李慧¹^,²(), 张婉¹^,², 常益豪², 杨霞³, 肖祥伟⁴, 朱景乐¹^,^*()

1.中国林业科学研究院经济林研究所,经济林种质创新与利用国家林业和草原局重点实验室,河南郑州 450003
2.河南农业大学林学院,河南郑州 450002
3.国有信阳市南湾林场,河南信阳 464100
4.国有信阳市平桥区天目山林场,河南信阳 464100

收稿日期:2022-08-29 修回日期:2022-10-07 出版日期:2024-09-30 发布日期:2024-10-03
通讯作者: * 朱景乐(zhujingle1982@126.com),副研究员。
作者简介:
李慧(lh382490531@163.com)。
基金资助:
河南省重点研发专项(241111113300);中央级公益性科研院所基本科研业务费专项资金项目(CAFYBB2018ZB001-11)

Construction and application of the leaf area prediction model for young Quercus variabilis

LI Hui¹^,²(), ZHANG Wan¹^,², CHANG Yihao², YANG Xia³, XIAO Xiangwei⁴, ZHU Jingle¹^,^*()
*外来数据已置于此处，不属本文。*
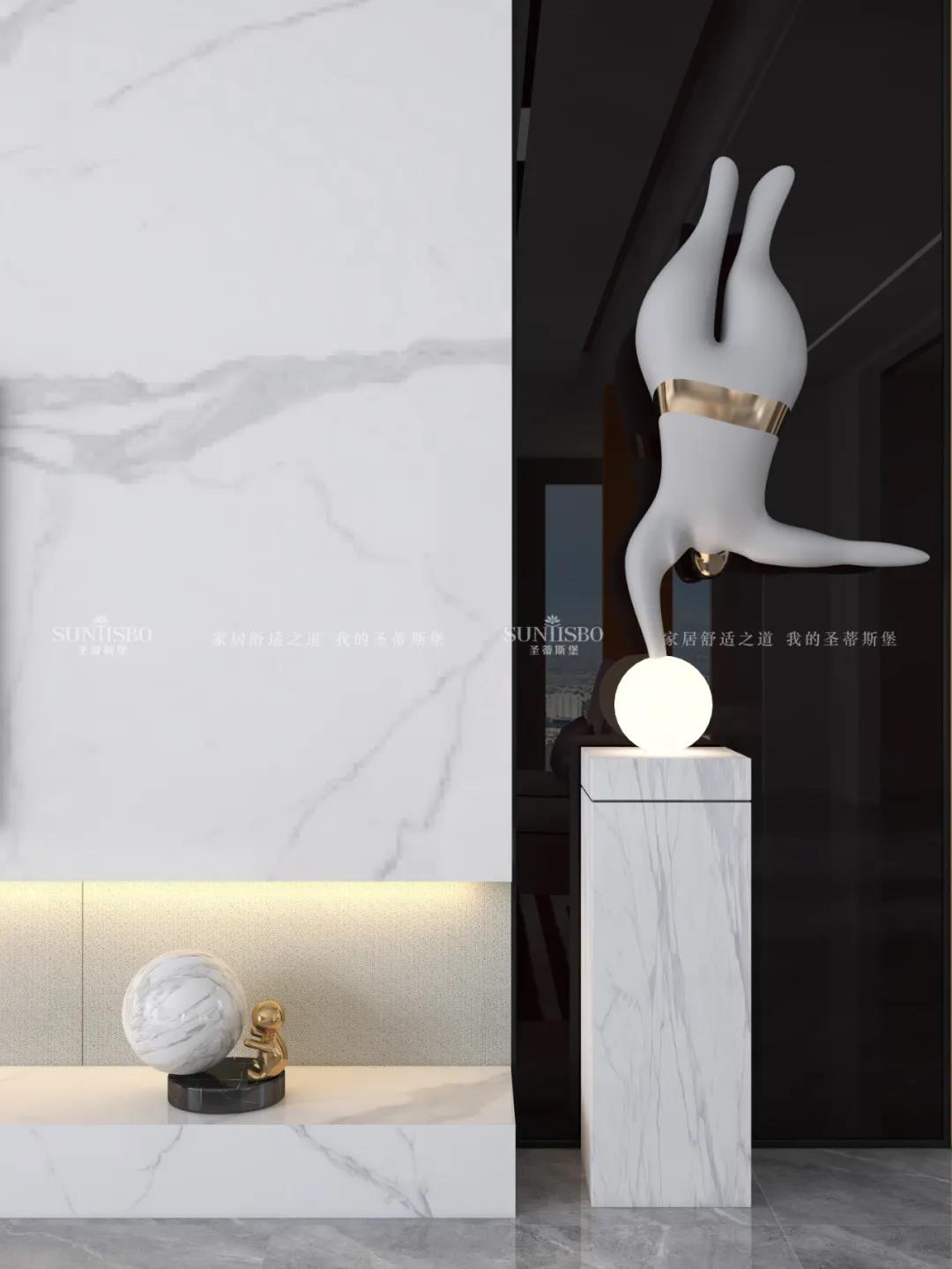 在獨有的簡奢設(shè)計里,英倫仿古灰自帶貴族光環(huán),激活了感官對材質(zhì)與肌理的敏感度,構(gòu)建出平整而連貫的線面互動。在細(xì)節(jié)之間設(shè)計以生活習(xí)慣為主導(dǎo)的入戶空間。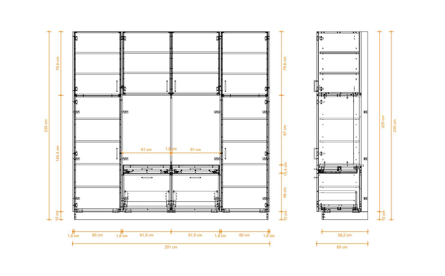 251 cm x 235 cm x 65 cm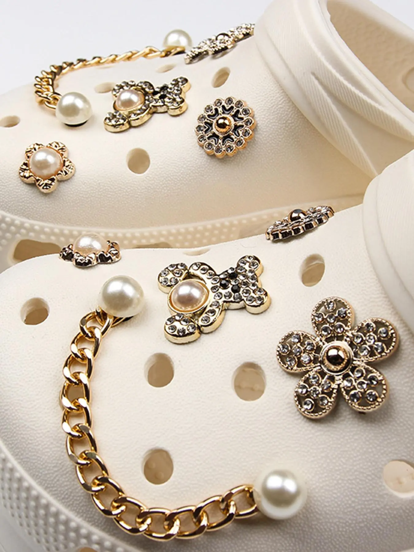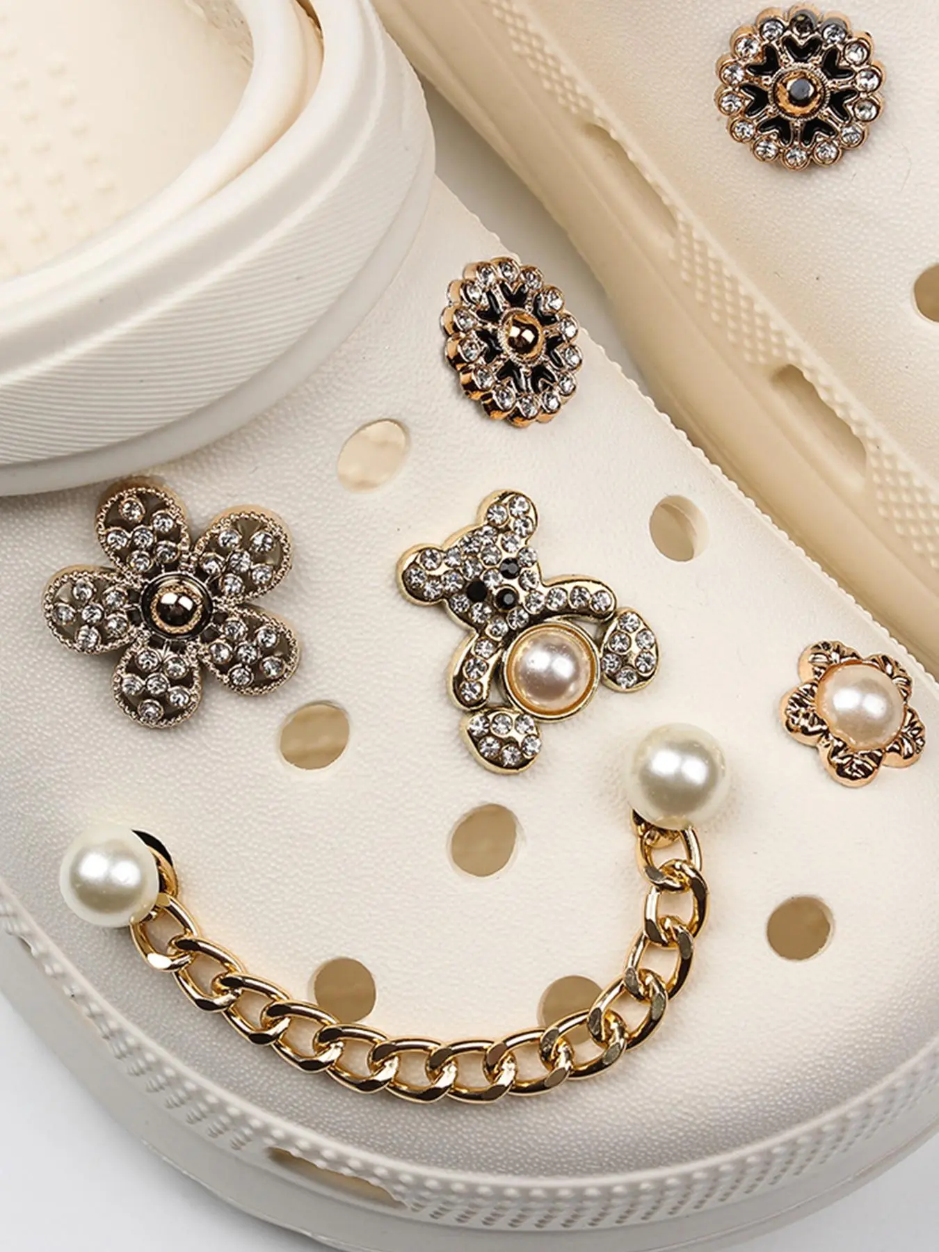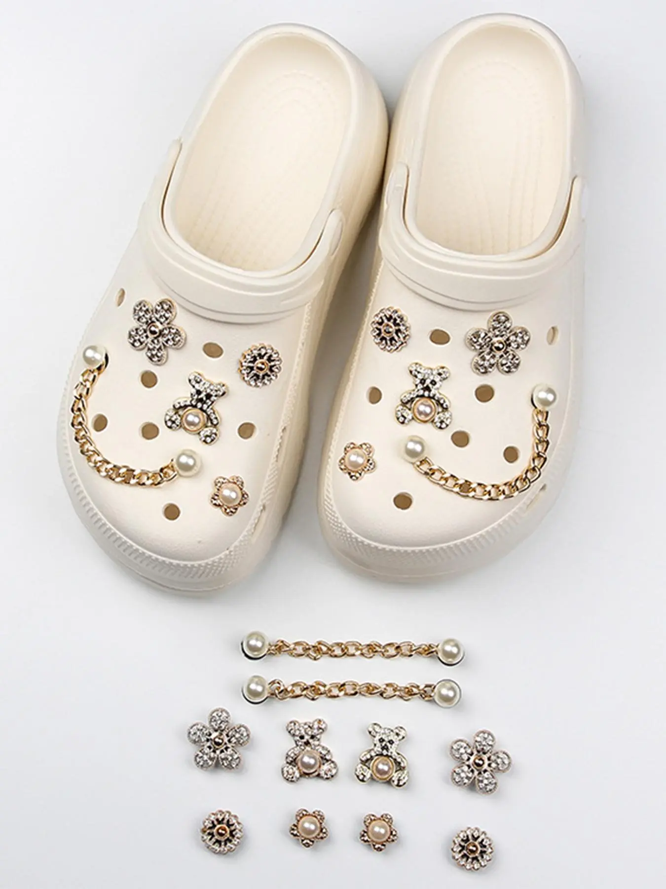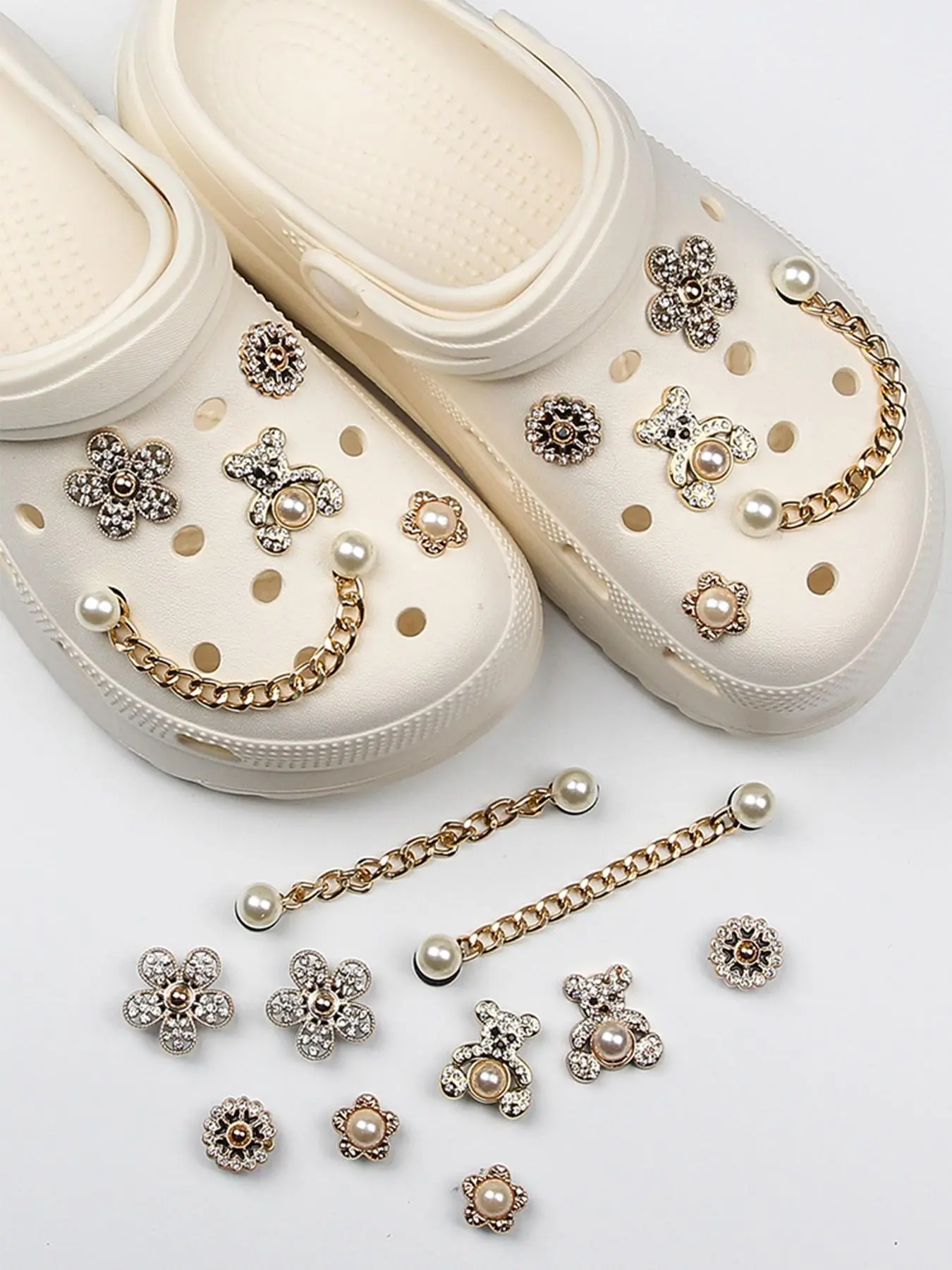 10pcs Cute Bear & Faux Pearl & Rhinestone Design Shoes Decorations, Fashionable Novelty Casual Shoes Decorations For Clogs Design, Dazzling Glamour Trendy Holiday Shoe Accessories for women & girls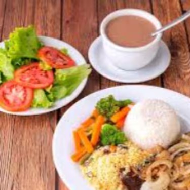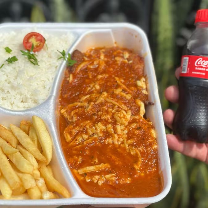 Marmitex serve bem uma pessoa, vai Arroz branco, batata frita e a Parmegiana de frango. Acompanha coca cola 200ml e de sobremesa um chocolate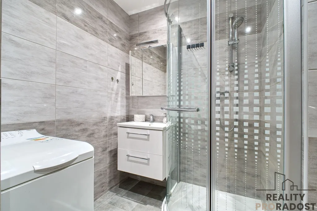 • Koupelna s WC po kompletní rekonstrukci – sprchový kout, umyvadlo se zrcadlem, moderní keramické obklady v přírodních tónech.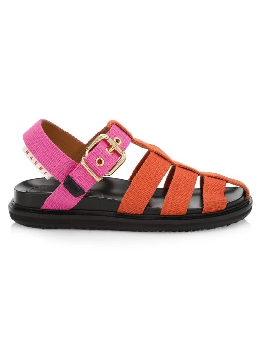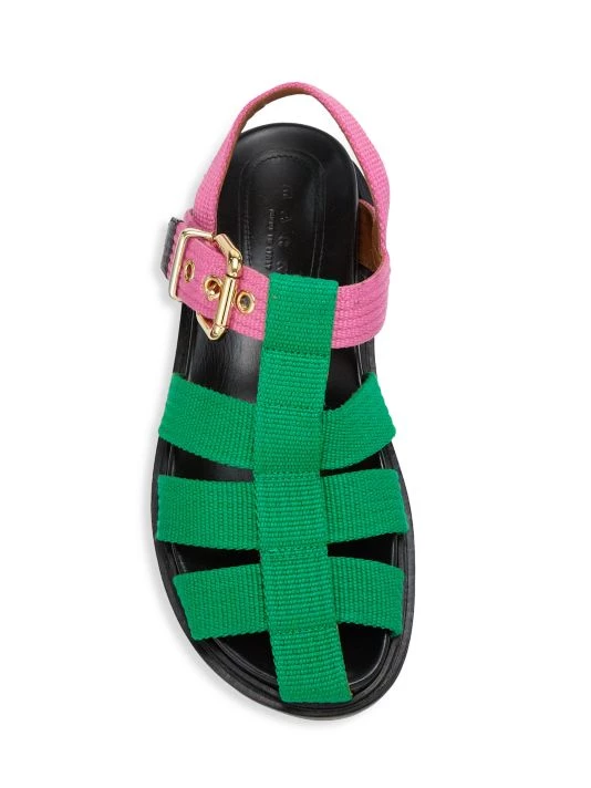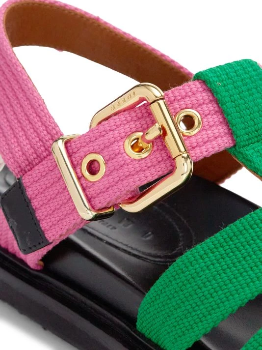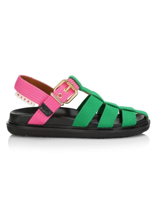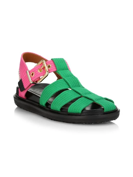 Marni’s fisherman sandals feature a green and pink cotton upper.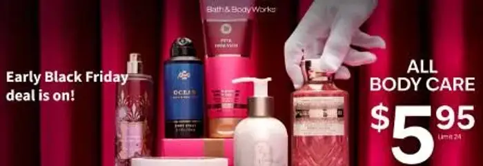 The Early Black Friday deal is on! Shop in store and get all body care for $5.95.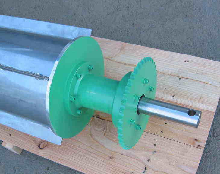 写真のカバー付きの永磁ドラムは318φ-1900L(MG有効1800) 質量約400kg ←左載の大型永磁ドラムの写真は実際に設置をする場合のシャフト固定ブロックの形状を表しています。水平フレームにネジで固定します。ブロック下側の部分をフレームに取り付けて永磁ドラム本体をブロックに設置します。その後にシャフトに穴があいていますので丸棒などで内部の磁石が横方向になるまで約90°回します。実際に上から材料を落として磁選状態が良好な位置でブロック上部のネジで締め付けて下さい。後は付属のスプロケットにチエンを掛けて所定の回転数とギヤードモーターで材料の流れ方向に回転させて下さい。 固定軸 駆動軸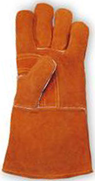 Cowhide Split Leather, Palm On Thumb& 1 Piece Back, Inside Full Lining. Available Sizes: 12",14",16"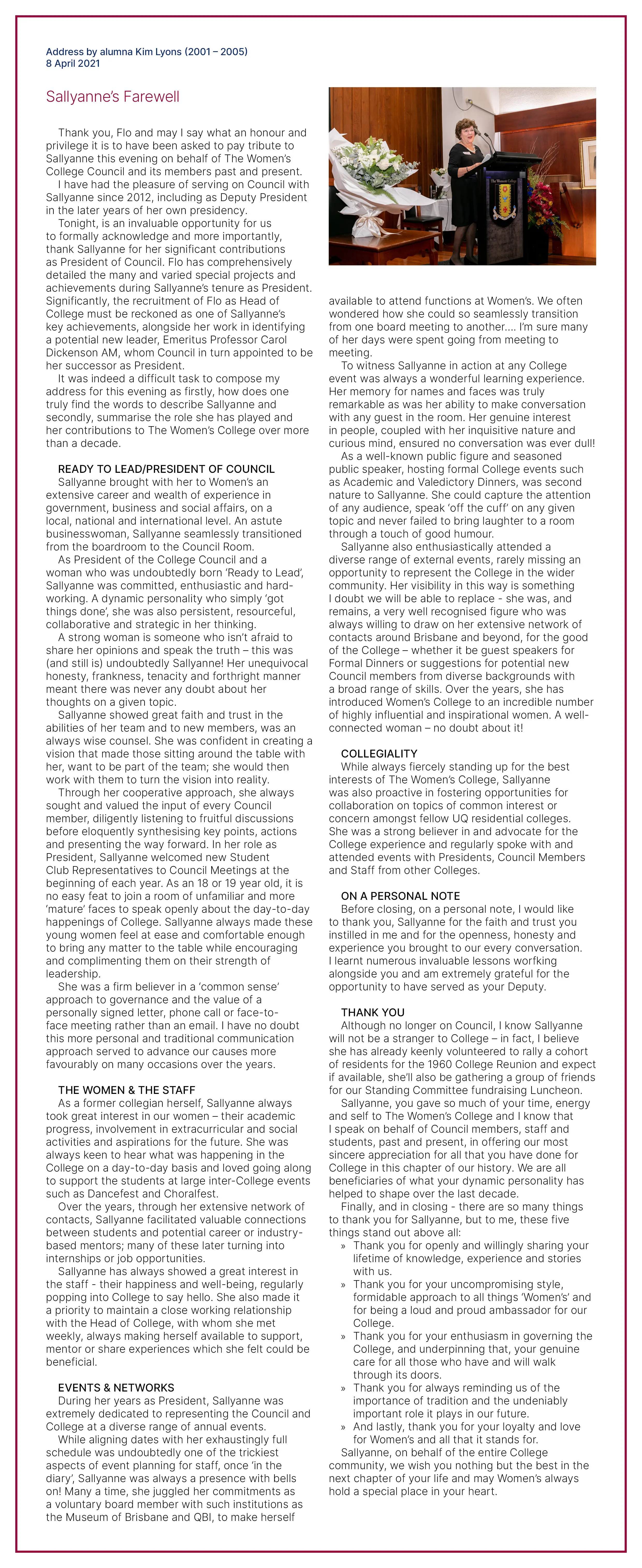 At the Reception, then Deputy President Kim Lyons delivered the following heartfelt tribute and, on behalf of the College community, thanked Sallyanne for her service to The Women’s College.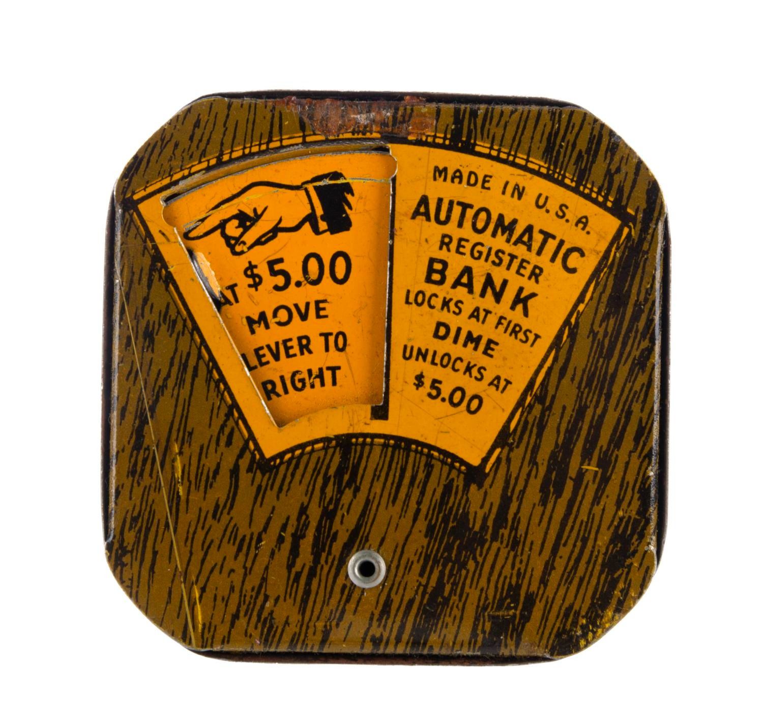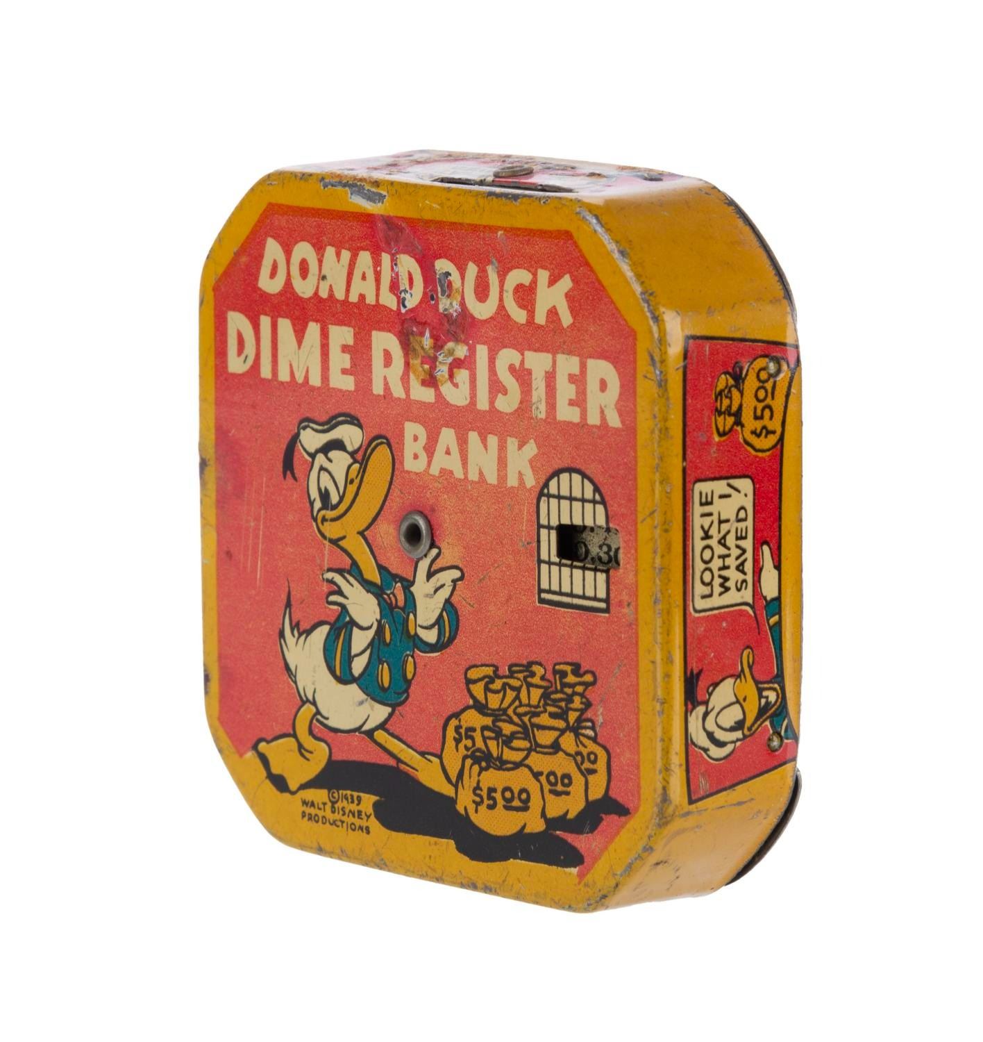 (Disney, 1939) A tin-litho Donald Duck Dime Register Bank. An embedded reel counter tallies the dimes inserted, and the bank can only be opened once $5.00 is saved. Measuring 2.5"x2.5" x.5", this piece is in good condition with surface wear, oxidation, and minor residue retention to its tin-lithographic elements.

1. Key Laboratory of Non-timber Forest Germplasm Enhancement & Utilization of National Forestry and Grassland Administration, Research Institute of Non-timber Forestry, Chinese Academy of Forestry, Zhengzhou 450003, China
2. College of Forestry, Henan Agriculture University, Zhengzhou 450002, China
3. Nanwan State Forest Farm, Xinyang 464100, China
4. Tianmushan State Forest Farm, Pingqiao District, Xinyang 464100, China

Received:2022-08-29 Revised:2022-10-07 Online:2024-09-30 Published:2024-10-03

摘要/Abstract

摘要：

【目的】建立幼龄栓皮栎叶面积预测模型,实现快速无损测量,并对43个栓皮栎家系的叶片形状变异情况和差异特征进行分析,为栓皮栎遗传多样性研究及良种选育提供理论基础。【方法】从全国不同地区筛选出43个栓皮栎家系作为研究对象,通过对叶长、叶宽、叶长宽比、叶长宽积与实测叶面积的相关性分析及曲线拟合分析,筛选出叶面积预测模型最佳参数;通过几何模型和曲线拟合分析,筛选最优的幼龄栓皮栎叶面积预测模型,并进行验证;运用统计描述、单因素方差分析、相关性分析、聚类分析的方法进行不同家系间叶片的差异分析。【结果】①叶长宽积(X₁×X₂)与幼龄栓皮栎叶面积呈显著相关,可根据这一组合指标进行幼龄栓皮栎叶面积预测模型的建立。②幼龄栓皮栎叶面积预测模型Y=0.595X₁×X₂+257.640最为精确,R²=0.946,标准误差低至32.830 cm²,可以用来预测幼龄栓皮栎叶片的面积。③43个栓皮栎家系间各项叶片指标均有不同程度的变异,不同家系间和家系内叶片差异均较大。④叶片性状与原产地地理信息相关性分析结果表明,除叶干质量与年降水量外,与其他指标均无显著相关性;43个家系不能独立分类,规律性不强。【结论】以叶长宽积为参数,建立了较为精准的幼龄栓皮栎叶面积预测模型Y=0.595X₁×X₂+257.640,为获得栓皮栎叶面积提供了一种高效、无损的方法,为栓皮栎良种培育和家系选择提供理论基础。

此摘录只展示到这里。